[Collected data]
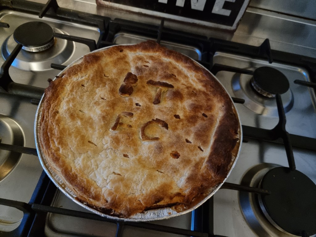 Almost forgot to report – the pie did get delivered and it was very good to- although enough to feed 10!
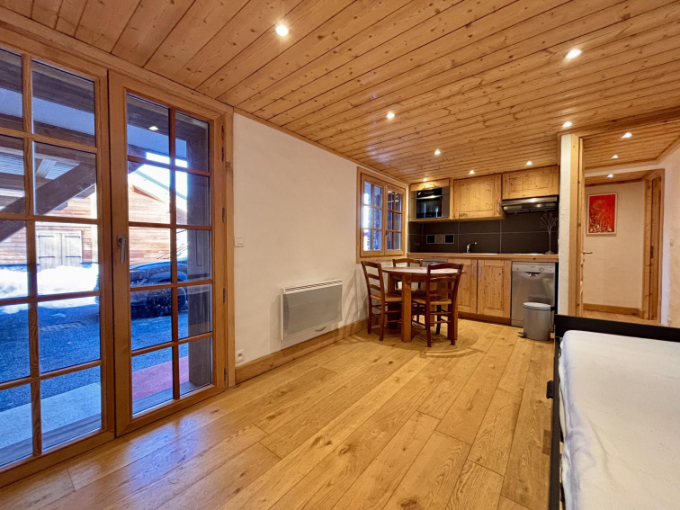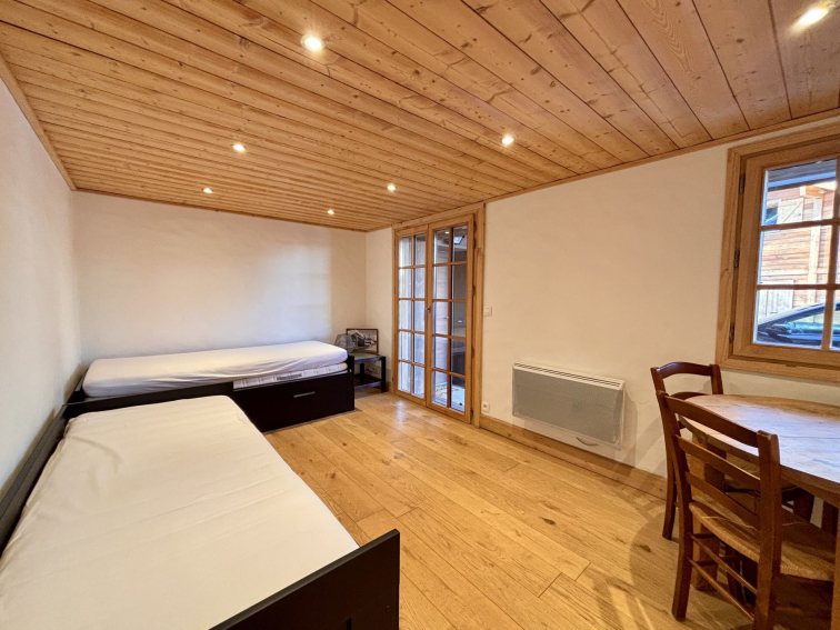 This studio is attached to the chalet, with the possibility of closing it off to guarantee greater privacy. It comprises :
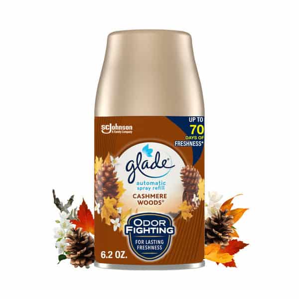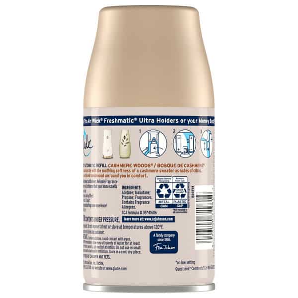 The perfect excuse to stay in and snuggle up with Glade Comforting Cashmere Woods Automatic Spray Refill. Get all up in those fuzzy feels with scent diffuser with notes of jasmine petals, creamy sandalwood, and musk. Glade air freshener fragrance is crafted by master perfumers. Switch things up with automatic air freshener dispenser in Comforting Cashmere Woods scent. Open the unit by squeezing the ribs on the side while pulling sides of holder apart. Insert Glade automatic spray refill and choose the time setting to release fragrance. This automatic air freshener spray gives a fresh burst every 9, 18 or 36 minutes. Surround yourself with room freshener fragrance infused with essential oils and create the coziness you’re craving.
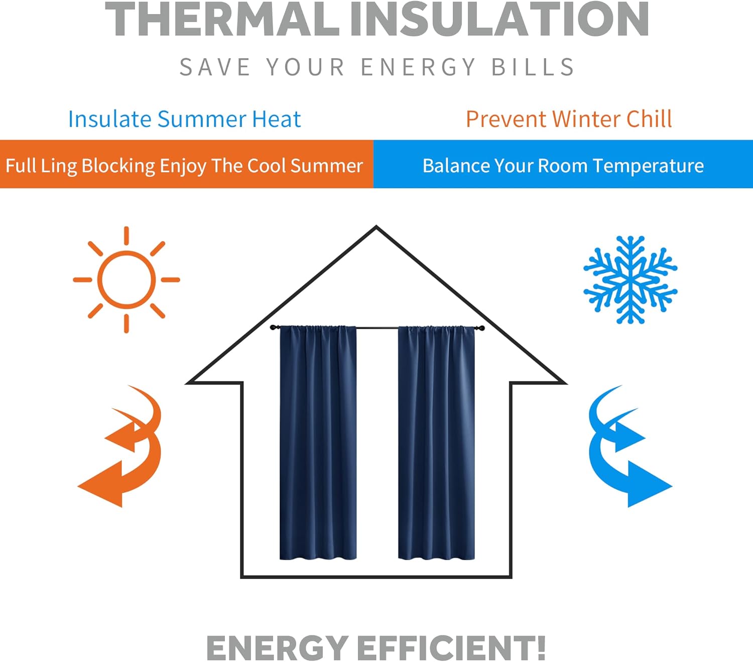 • ENERGY SMART - Curtains are work well on balance the temperature inside and outside by insulating summer heat and winter chill, so that these room darkening curtains can reduce the energy waste and save the daily bill effectively.
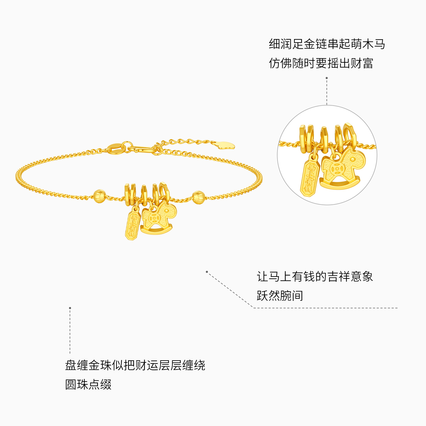 潮宏基好事发生马上有钱足金手链黄金手饰5G蹦迪珠盘缠金礼物计价
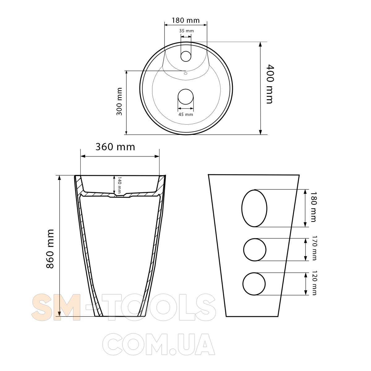 Отдельностоящая раковина из коллекции Bolonia поражает своим круглым профилем, сверху вниз она как будто немного сужается, что придает раковине легкости. Умывальник станет центральным элементом ванной комнаты и придаст ей выразительный вид. керамика
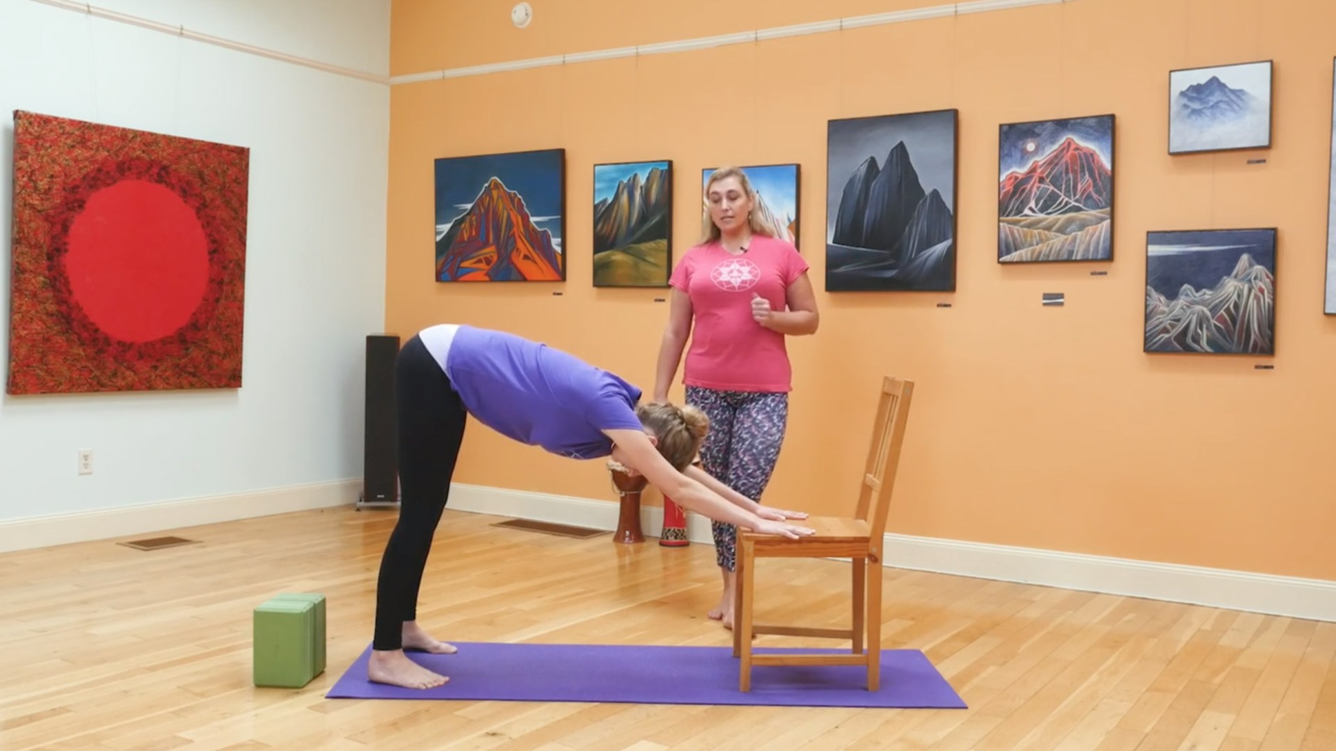 Seeking a gentle and accessible sequence without too much floor work? Practice gentle warm-ups, twists, a chair-supported warrior III (among other standing poses), chair dog, legs up the chair, and more.

▸ DIRECTIONS FOR THIS TASK
Word for word, restate the lines above from the first through the one that contains "潮宏基好事发生马上有钱足金手链黄金手饰5G蹦迪珠盘缠金礼物计价", and exclude all pictures.

▸ ANSWER TO THE PROBLEM
 Almost forgot to report – the pie did get delivered and it was very good to- although enough to feed 10!
 This studio is attached to the chalet, with the possibility of closing it off to guarantee greater privacy. It comprises :
 The perfect excuse to stay in and snuggle up with Glade Comforting Cashmere Woods Automatic Spray Refill. Get all up in those fuzzy feels with scent diffuser with notes of jasmine petals, creamy sandalwood, and musk. Glade air freshener fragrance is crafted by master perfumers. Switch things up with automatic air freshener dispenser in Comforting Cashmere Woods scent. Open the unit by squeezing the ribs on the side while pulling sides of holder apart. Insert Glade automatic spray refill and choose the time setting to release fragrance. This automatic air freshener spray gives a fresh burst every 9, 18 or 36 minutes. Surround yourself with room freshener fragrance infused with essential oils and create the coziness you’re craving.
 • ENERGY SMART - Curtains are work well on balance the temperature inside and outside by insulating summer heat and winter chill, so that these room darkening curtains can reduce the energy waste and save the daily bill effectively.
 潮宏基好事发生马上有钱足金手链黄金手饰5G蹦迪珠盘缠金礼物计价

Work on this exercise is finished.